3. What is the difference between the leading strand and the lagging strand in DNA
replication? What is the fundamental reason for this difference?
4. What is the role of the following in DNA replication: helicase, primase, DNA
polymerase, ligase, topoisomerase, single-stranded binding proteins, and telomerase.
5. How does one type of error that arises during DNA replication get detected and
repaired?
6. What, fundamentally, does mutation do? Explain how mutation creates new
alleles.
7. Explain in what sense mutation is considered a random process.
8. Are all mutations deleterious? If a mutation is deleterious, what should happen to
the frequency of this mutation? If a mutation is neutral, would you predict the same
outcome?
9. What is a point mutation? How is it possible that some point mutations have no
phenotypic effect while other point mutations do have a phenotypic effect?
10. What is a substitution mutation? Describe three possible outcomes a point
mutation that was also a substitution mutation could have on the polypeptide coded or
by a gene. Which is likely to have the largest effect on the phenotype of the organism?
11. What are insertion and deletion mutations?
12. What are frameshift mutations and explain why they are so named (e.g., what is
the "frame" and how does it get "shifted"?). Are substitution mutations or
deletion/insertion mutations generally more likely to produce frameshifts? Explain.

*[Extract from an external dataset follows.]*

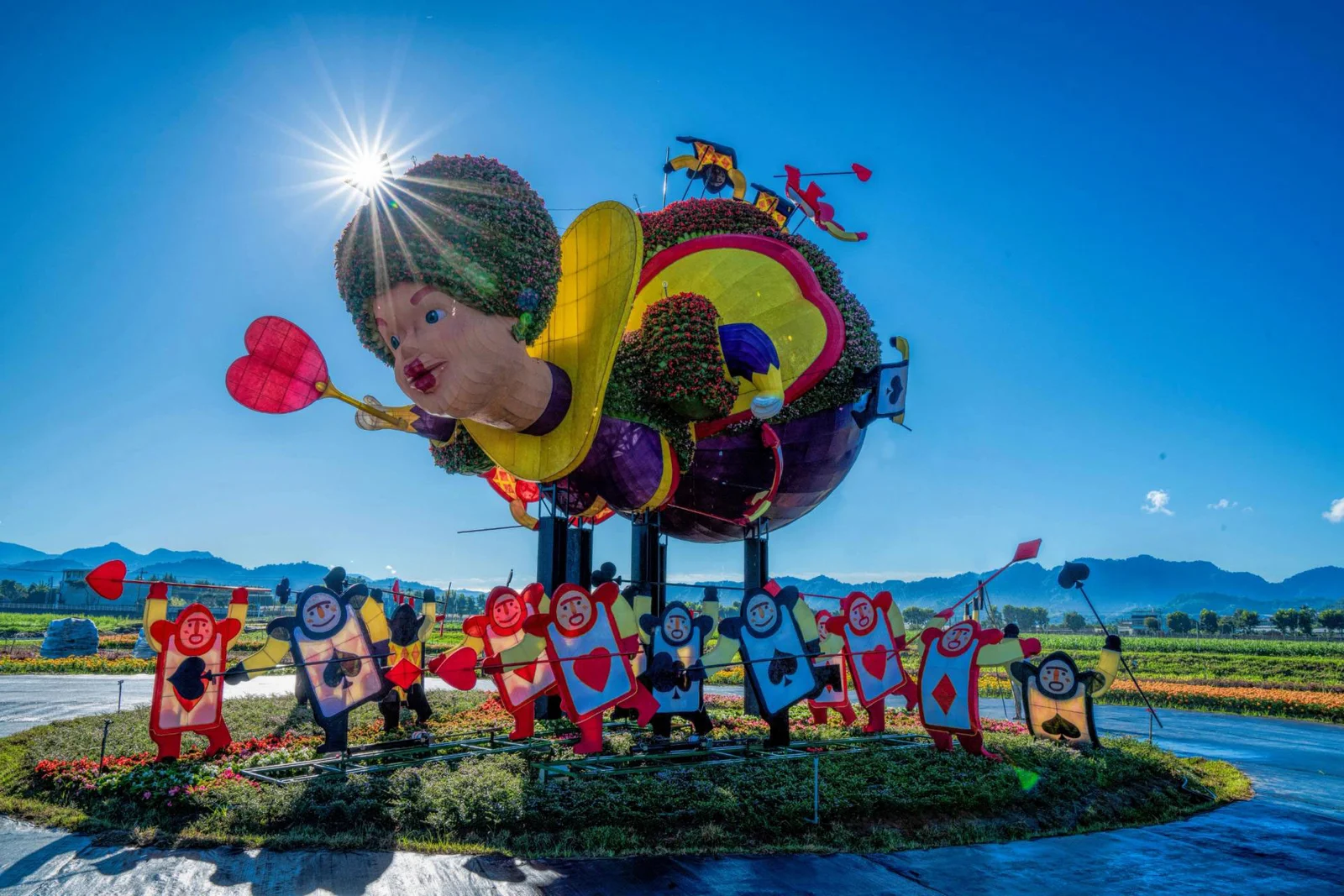 The festival's centerpiece, "The Brave Heart," stood tall at an impressive 10 meters, showcasing a majestic Queen of Hearts crafted entirely from flowers. This awe-inspiring creation, illuminated by lantern techniques and incorporating intricate floral arrangements, came alive with hourly shows featuring the Queen and her poker soldier entourage. The interplay of light, sound, and movement transported viewers into a captivating and slightly mischievous world.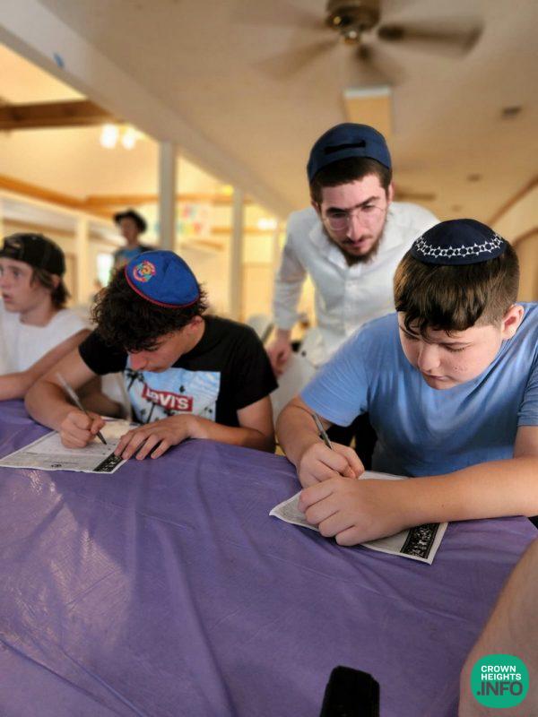Rabbi Yossi Groner, Head Shliach to North Carolina traveled in for the momentous occasions and was especially impressed by the expansive grounds and the enthusiasm of the campers to participate in the printing of the Tanya. During the ceremony, he addressed the campers and told them that as soon as the Horaa came out he organized the printing of the Tanya in every Jewish community in North Caroline but that Laurel Hill had been waiting since then for Jewish boys to spend time there learning Torah. Rabbi Groner then taught the kids Perek Lamed Beis and emphasized that the whole idea of camp is to connect with other Jewish people in a way of Ahavas Yisroel.

13. What is a somatic mutation? Of what evolutionary significance are somatic
mutations? Of what evolutionary significance are germ-line mutations?
14. Why is heritable variation necessary for evolution and natural selection to
operate? Summarize the importance of the mutational process for the evolution of
adaptations.
15. Compare & contrast DNA replication with DNA transcription. What is the template
for each? What are the enzymes for each? Products of each? Cellular location in
prokaryotes vs. eukaryotes of each? The name of the place/sequence where each
process is directed to start? What are the general features of the regulation of each
process?
16. Use a sketch to illustrate why the replication fork arriving at the end of one of your
chromosomes can’t finish the job. Illustrate how the problem is resolved by telomerase.